Pierre-Laurent Aimard is music director for this year’s Ojai Music Festival, and his program for last night explored music in which the piano is used as a percussion instrument, while also continuing the use of multiple pianos begun last night. With Saturday morning set for his solo program, his work yesterday evening was as a colleague. The percussion group Nexus played in all three works of the program, as did his colleague Tamara Stefanovich on piano. For the past several months Stefanovich has been Aimard’s fellow-player of choice, having filled in for another pianist who suffered what sounds like tendon problems and had to withdraw on short notice from a program with Aimard. Once the partnership began, they obviously found that they could enjoy similar interpretations and motivations concerning important work.
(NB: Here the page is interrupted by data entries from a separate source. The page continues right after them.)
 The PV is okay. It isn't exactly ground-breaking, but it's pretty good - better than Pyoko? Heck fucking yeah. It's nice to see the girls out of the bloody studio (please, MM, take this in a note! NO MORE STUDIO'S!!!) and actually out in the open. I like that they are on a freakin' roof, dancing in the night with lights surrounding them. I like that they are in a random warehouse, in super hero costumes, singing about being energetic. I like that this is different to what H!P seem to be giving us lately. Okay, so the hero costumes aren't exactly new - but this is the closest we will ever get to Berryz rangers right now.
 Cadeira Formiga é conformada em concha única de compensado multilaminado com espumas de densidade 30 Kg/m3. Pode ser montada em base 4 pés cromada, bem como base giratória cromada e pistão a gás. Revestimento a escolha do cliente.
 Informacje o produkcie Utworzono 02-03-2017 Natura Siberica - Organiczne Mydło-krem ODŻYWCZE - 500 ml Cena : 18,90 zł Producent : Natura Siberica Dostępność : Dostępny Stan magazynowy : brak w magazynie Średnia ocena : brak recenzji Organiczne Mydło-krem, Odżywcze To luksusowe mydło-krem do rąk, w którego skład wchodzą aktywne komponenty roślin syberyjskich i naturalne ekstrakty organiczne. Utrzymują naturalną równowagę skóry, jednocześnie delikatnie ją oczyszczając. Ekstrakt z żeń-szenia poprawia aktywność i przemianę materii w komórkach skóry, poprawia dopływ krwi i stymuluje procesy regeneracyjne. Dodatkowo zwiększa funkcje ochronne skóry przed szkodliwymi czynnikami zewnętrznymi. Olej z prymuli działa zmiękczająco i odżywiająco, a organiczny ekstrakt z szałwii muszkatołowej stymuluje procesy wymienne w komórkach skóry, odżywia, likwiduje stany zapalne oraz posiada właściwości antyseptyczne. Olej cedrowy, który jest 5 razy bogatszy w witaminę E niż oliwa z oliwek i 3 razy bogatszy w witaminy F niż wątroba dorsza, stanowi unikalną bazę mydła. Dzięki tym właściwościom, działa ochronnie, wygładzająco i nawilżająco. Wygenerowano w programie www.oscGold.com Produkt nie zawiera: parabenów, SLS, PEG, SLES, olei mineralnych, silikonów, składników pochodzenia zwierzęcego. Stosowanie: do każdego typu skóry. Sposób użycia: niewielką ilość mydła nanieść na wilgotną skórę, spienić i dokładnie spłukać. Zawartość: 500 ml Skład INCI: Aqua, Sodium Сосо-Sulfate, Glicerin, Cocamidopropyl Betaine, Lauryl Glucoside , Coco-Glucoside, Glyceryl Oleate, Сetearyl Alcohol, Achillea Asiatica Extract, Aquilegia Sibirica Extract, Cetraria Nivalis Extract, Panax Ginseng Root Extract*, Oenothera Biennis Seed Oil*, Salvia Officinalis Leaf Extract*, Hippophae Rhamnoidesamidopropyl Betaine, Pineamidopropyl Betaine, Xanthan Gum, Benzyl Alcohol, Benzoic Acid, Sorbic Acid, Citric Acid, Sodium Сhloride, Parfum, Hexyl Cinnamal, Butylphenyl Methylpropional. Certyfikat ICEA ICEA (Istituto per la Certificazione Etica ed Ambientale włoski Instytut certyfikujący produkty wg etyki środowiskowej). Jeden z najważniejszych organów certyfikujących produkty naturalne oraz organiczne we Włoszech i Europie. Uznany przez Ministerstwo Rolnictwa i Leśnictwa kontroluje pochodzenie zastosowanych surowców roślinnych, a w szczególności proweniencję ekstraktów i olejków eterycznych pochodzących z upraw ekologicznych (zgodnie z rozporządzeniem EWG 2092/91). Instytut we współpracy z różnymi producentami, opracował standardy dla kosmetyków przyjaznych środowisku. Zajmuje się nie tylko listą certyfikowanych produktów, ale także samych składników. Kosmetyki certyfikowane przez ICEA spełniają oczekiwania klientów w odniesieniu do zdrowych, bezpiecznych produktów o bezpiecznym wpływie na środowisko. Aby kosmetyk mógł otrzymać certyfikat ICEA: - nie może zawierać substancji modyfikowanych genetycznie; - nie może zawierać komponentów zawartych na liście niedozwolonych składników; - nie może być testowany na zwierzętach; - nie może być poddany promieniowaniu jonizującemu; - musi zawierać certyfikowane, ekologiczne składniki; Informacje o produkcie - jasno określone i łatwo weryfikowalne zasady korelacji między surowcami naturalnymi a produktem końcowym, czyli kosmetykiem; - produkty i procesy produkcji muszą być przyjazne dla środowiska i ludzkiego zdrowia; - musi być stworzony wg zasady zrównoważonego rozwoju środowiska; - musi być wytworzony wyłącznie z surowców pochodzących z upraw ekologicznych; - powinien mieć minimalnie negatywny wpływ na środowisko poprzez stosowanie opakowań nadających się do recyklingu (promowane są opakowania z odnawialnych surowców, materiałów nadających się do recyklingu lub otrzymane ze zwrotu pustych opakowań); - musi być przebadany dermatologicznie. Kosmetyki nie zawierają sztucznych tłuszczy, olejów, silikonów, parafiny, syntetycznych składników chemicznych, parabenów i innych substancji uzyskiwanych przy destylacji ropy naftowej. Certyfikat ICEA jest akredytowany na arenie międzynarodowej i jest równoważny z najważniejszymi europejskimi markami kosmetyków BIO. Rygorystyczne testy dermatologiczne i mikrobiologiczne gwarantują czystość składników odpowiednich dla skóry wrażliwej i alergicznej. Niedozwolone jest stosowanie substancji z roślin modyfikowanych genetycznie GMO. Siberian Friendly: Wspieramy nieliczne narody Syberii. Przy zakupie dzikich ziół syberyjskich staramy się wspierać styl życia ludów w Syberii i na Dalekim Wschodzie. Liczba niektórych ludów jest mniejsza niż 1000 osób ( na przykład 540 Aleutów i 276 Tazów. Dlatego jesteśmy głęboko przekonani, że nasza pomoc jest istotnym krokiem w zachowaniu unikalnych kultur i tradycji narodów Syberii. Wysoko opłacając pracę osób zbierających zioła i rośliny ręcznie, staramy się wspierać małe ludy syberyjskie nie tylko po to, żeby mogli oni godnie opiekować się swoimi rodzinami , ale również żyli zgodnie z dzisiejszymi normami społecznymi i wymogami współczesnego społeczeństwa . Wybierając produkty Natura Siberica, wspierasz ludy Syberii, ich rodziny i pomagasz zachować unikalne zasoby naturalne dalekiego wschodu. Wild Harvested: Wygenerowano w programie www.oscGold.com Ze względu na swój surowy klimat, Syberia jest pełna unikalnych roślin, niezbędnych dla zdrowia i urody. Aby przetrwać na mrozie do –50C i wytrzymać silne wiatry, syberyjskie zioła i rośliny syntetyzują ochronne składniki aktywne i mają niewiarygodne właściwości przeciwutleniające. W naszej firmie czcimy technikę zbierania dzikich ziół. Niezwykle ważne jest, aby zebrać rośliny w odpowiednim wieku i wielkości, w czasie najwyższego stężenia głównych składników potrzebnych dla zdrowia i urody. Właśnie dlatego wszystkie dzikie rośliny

The concert began with Bartok’s too-seldom-heard masterwork, Sonata for Two Pianos and Percussion (1937), a work written at the height of his musical and physical strengths. It’s a shame that without an orchestra or even a violin or two the work fits so poorly with most programming decisions. There are some pretty good recordings of this work still in print, but last night seemed an exceptionally good performance.
After a rearrangement of the stage, Peter Eötvös then came on stage to conduct his new Sonata per Sei (2006) for two pianos, sampler (played by Helena Bugallo from Bugallo-Williams) and three percussionists. In its first version the music was Concerto for Acoustic Piano, Keyboard and Orchestra, written for the 125th anniversary of Bartok’s birth. This revision, giving its U.S. premiere, makes the homage to Bartok (and to Bartok’s sonata) even more obvious. This is a chamber work that would probably benefit from a conductor, not merely to compensate for inadequate practice by the ensemble. The piano parts seem extremely difficult, and the work is full of rhythmic interactions. In fact it was fun to watch the faces of two of the percussionists who probably wouldn’t be good poker players: they beamed with pleasure at some of the piano and percussion riffs, even when they were just listening to the others in the group. The music is full of instrumental color, and it is easy on the ears but much harder to understand on first listening.
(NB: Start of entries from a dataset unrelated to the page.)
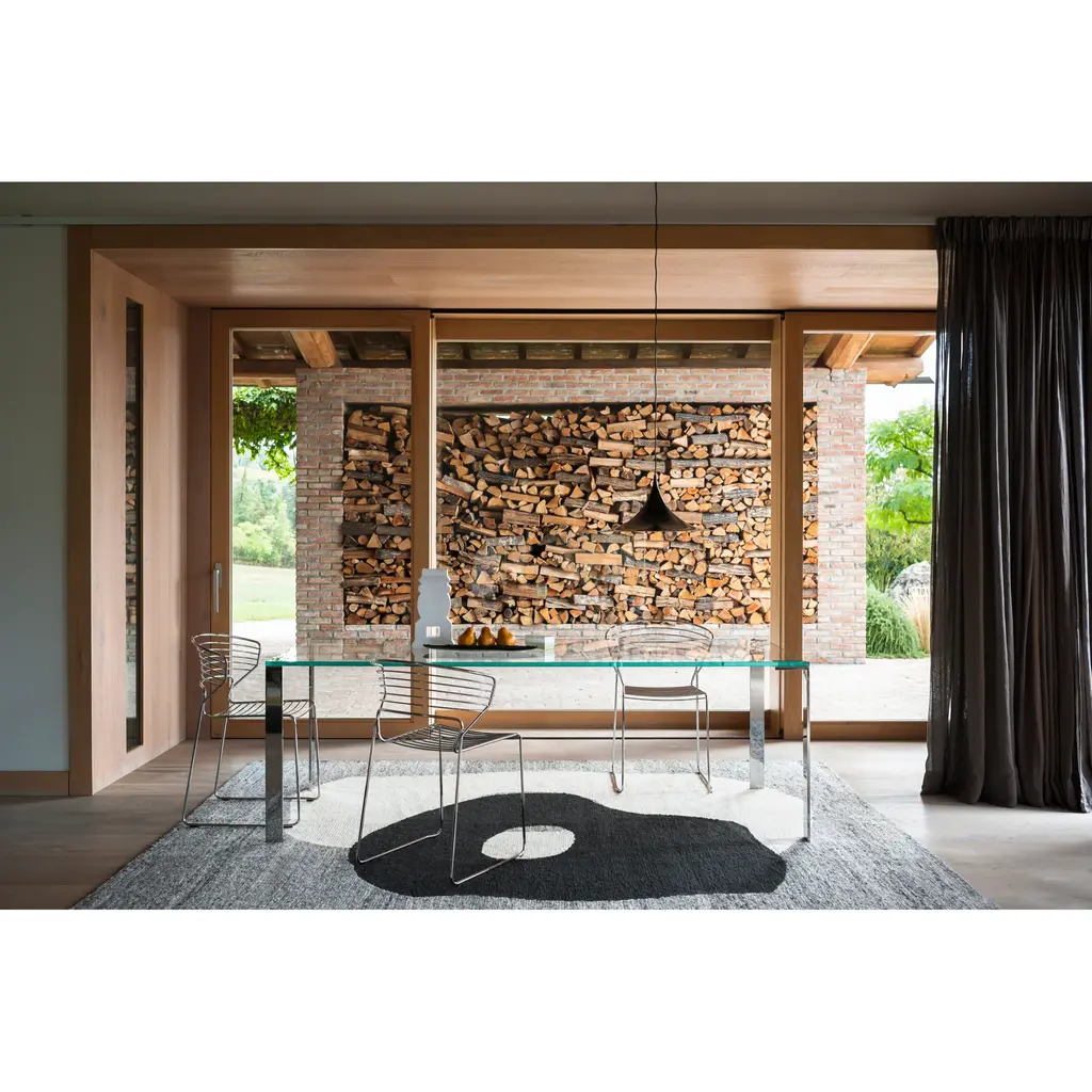 Elevate your space with the Contemporary Glass Top Low Table by Desalto. The steel legs offer stability and the glass top adds a sleek, modern touch. The perfect blend of elegance and functionality for any setting.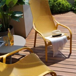 Net Lounge gives a feeling of well-being just by looking at it. A recyclable outdoor chair made of fiberglass-reinforced polypropylene with a generous and deep seat, enveloping shape and a curved profile reminiscent of a wave.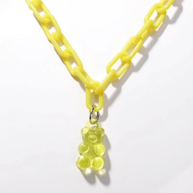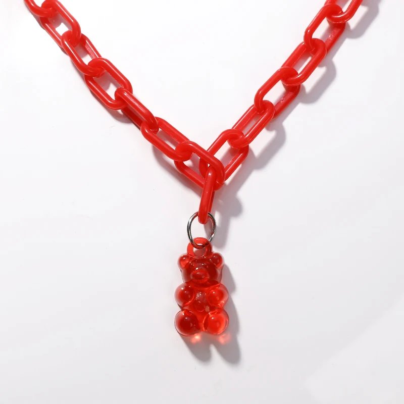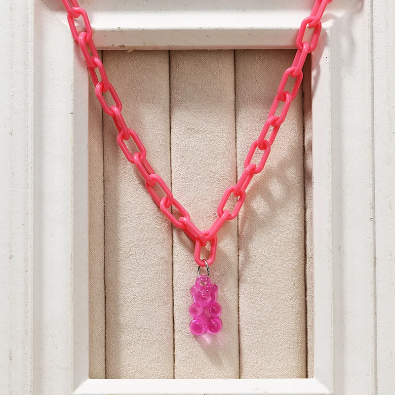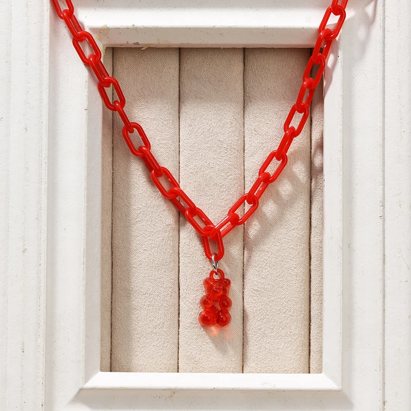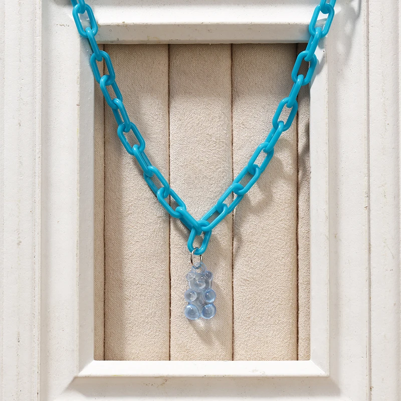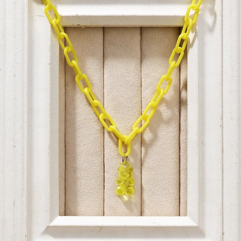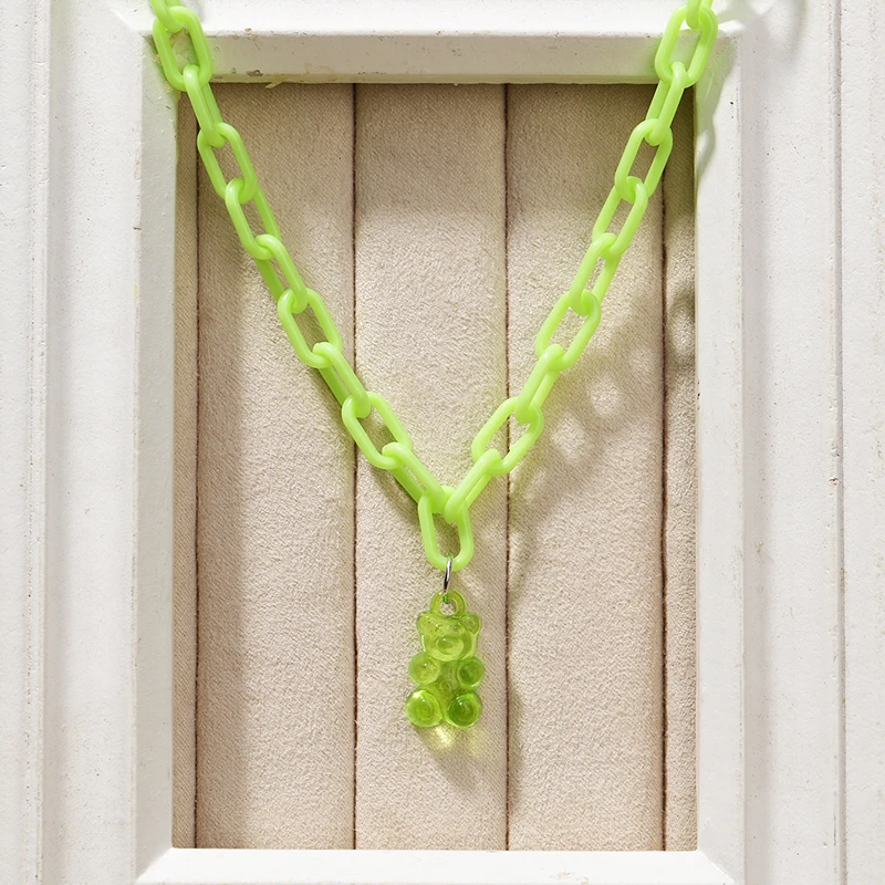 Hesiod 2022 Candy Color Mini Bear Necklace for Women Girl Christmas Gifts Cartoon Pendants Necklaces Birthday Jewelry Gifts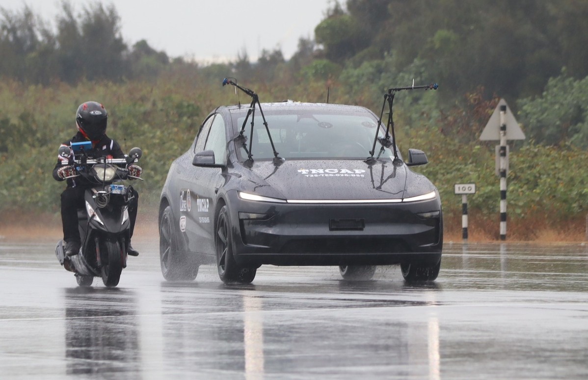 2. 盲點輔助系統(BSD)試驗:模擬機車行駛至受驗車輛側方時,系統偵測機車並提供駕駛警示提醒,期能降低車輛變換車道時的側方碰撞風險。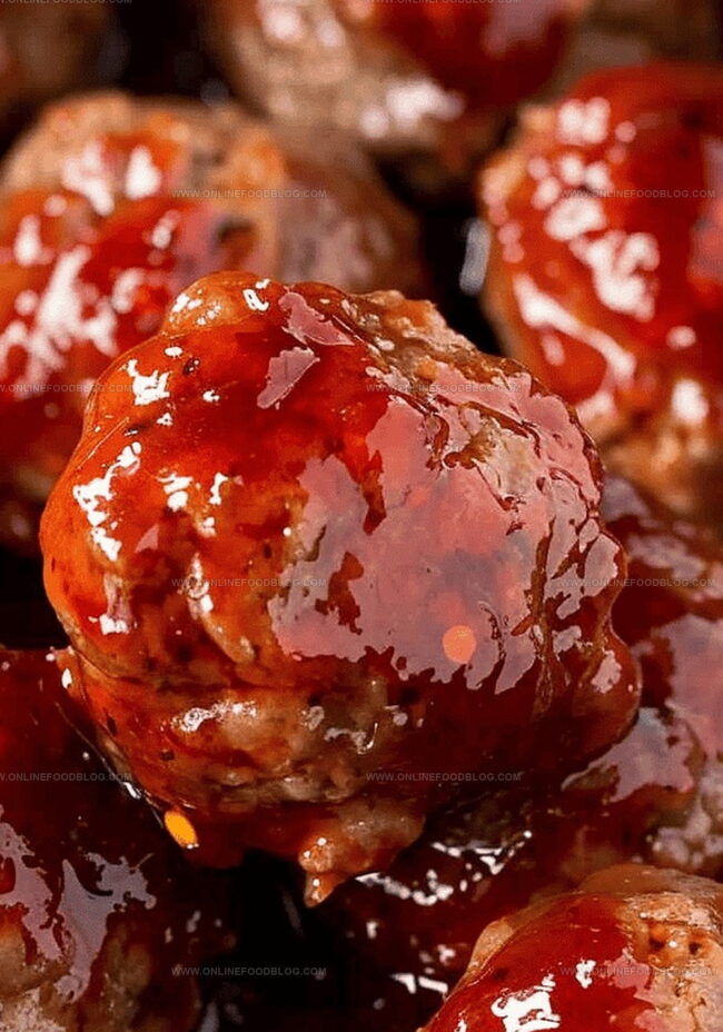 After cooking time is complete, softly stir meatballs to redistribute the glossy glaze. Serve immediately while warm and enjoy the sweet-spicy combination that makes these meatballs irresistible.

After intermission the Los Angeles Master Chorale, four vocal soloists and an additional piano came on stage for the most vibrant performance of Stravinsky’s les Noces (1913-1923) I have heard. Eötvös conducted, and the result emphasized the folksong origins of so much of the work. Everyone around me seemed as swept away by this performance as I was. It was one of those Ojai evenings in which everything seemed to click. Can you get four better pianists for the Stravinsky? Can another chorus to better than the Master Chorale? Is there a better percussion group than Nexus for something like this? And where did Tom Morris, the managing director of Ojai (formerely with Cleveland) find so appropriate soloists?
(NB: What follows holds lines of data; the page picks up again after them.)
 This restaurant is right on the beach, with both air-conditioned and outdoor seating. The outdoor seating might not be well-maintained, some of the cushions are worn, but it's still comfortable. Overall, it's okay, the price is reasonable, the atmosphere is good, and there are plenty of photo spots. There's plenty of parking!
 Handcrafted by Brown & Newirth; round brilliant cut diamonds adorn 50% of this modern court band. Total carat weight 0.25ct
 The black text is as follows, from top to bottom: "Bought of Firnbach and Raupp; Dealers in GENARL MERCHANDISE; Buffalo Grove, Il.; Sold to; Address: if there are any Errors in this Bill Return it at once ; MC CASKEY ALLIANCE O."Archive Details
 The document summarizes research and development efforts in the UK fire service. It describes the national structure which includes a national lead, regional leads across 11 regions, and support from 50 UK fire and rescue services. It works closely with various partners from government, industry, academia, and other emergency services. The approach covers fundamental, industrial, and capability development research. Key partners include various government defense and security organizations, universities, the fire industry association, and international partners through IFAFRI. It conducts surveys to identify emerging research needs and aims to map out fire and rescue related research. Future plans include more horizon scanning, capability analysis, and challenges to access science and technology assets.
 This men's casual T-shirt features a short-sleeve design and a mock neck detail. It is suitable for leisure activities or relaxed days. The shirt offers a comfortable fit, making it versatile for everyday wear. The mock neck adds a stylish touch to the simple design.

I should mention that it’s nice to find someone in an office job who still has some chops. The performance of the Stravinsky needed one more percussionist, on cymbals. Tom Morris made his Ojai debut as percussionist. Of course, as his bio shows, he had kept his hand in all along. It just shows that a Wharton MBA doesn’t overcome every other tendency. Word around the Festival is that Morris is extending his contract with Ojai for at least four more seasons. Based on how this festival is shaping up, that’s very good news for us.